Ten companies ranging from Yahoo to PayPal to Google are supporting plans to support pilot programs aimed at enabling users to log in to government Websites using OpenID and Information Card technologies.
The initiative is meant to fit into President Obama’s memorandum to make it easy for individuals to register and participate in government Websites without having to create new usernames and passwords. Members of the public will be able to fully control how much or how little personal information they share with the government at all times.
Besides Yahoo, PayPal and Google, other companies participating in the programs include Equifax, AOL, VeriSign, Acxiom, Citi, Privo and Wave Systems. The pilot programs themselves are being conducted by the Center for Information Technology, National Institutes of Health, U.S. Department of Health and Human Services, and related agencies.
The initiative paves the way for individuals to use services such as blogs, surveys and social networks and customize their experience on government Websites without revealing any personal identifiable information such as passwords. In the coming months, NIH officials plan to use OpenID and Information Cards to support a number of services, including customized library searches, access to training resources, registration for conferences and use of medical research wikis, all with strong privacy protections.
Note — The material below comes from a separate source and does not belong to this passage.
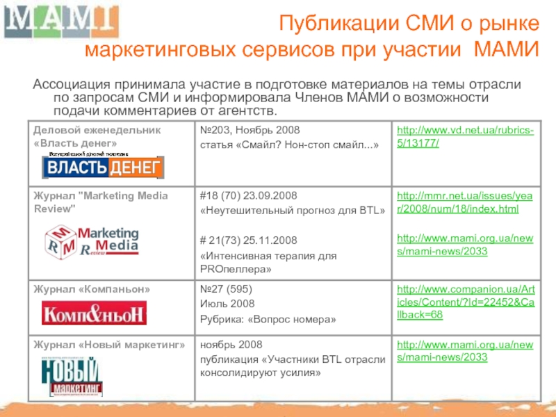 лояльности и заинтересованности СМИ к деятельности МАМИ и ее членов.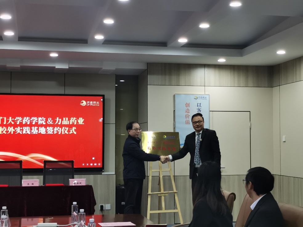 随后,朱铉、朱海健分别代表学院和公司共同签订了校外实践基地协议书,并为“厦门大学药学院-力品药业校外实践基地”揭牌。会上,颁发了朱海健博士为厦门大学药学院药学专业研究生校外导师的聘书。

Each of the participating companies is being certified under nondiscriminatory open trust frameworks developed in collaboration between the OpenID Foundation and the Information Card Foundation and reviewed by the federal government.
“It’s also good to see government working with experts from the private sector and especially with the Information Card Foundation and the OpenID Foundation because identity is not a technical phenomenon-it’s a social phenomenon,” said Bob Blakley, an analyst with the Burton Group, in a statement. “Technological support for identity requires the participation of a broad community and of representatives of government who define the legal framework within which identity will operate. Today’s announcement supplies the most important missing ingredient of the open identity infrastructure, mainly the trust framework. Without a trust framework it’s impossible to know whether a received identity is reliable.”
In an interview with eWEEK, VeriSign Director of Innovation Gary Krall said that the primary drivers for this initial phase of the initiative are trust and privacy.
“Trust in the form of certifying the [identity providers] in terms of how they manage user information, and privacy in the form of allowing users to remain anonymous on those sites which allow that and ensuring that their privacy is non-correlatable,” Krall explained.
“Security in our case is how we protect the VeriSign Personal Identity Portal [PIP] user’s account from unwanted access,” he said. “By combining VeriSign’s two-factor authentication services, whether in the form of a one-time password or in the form of a certificate, we add a layer of protection to users who use our service when they access the [government] Websites that will be participating in the initial pilot of the service.”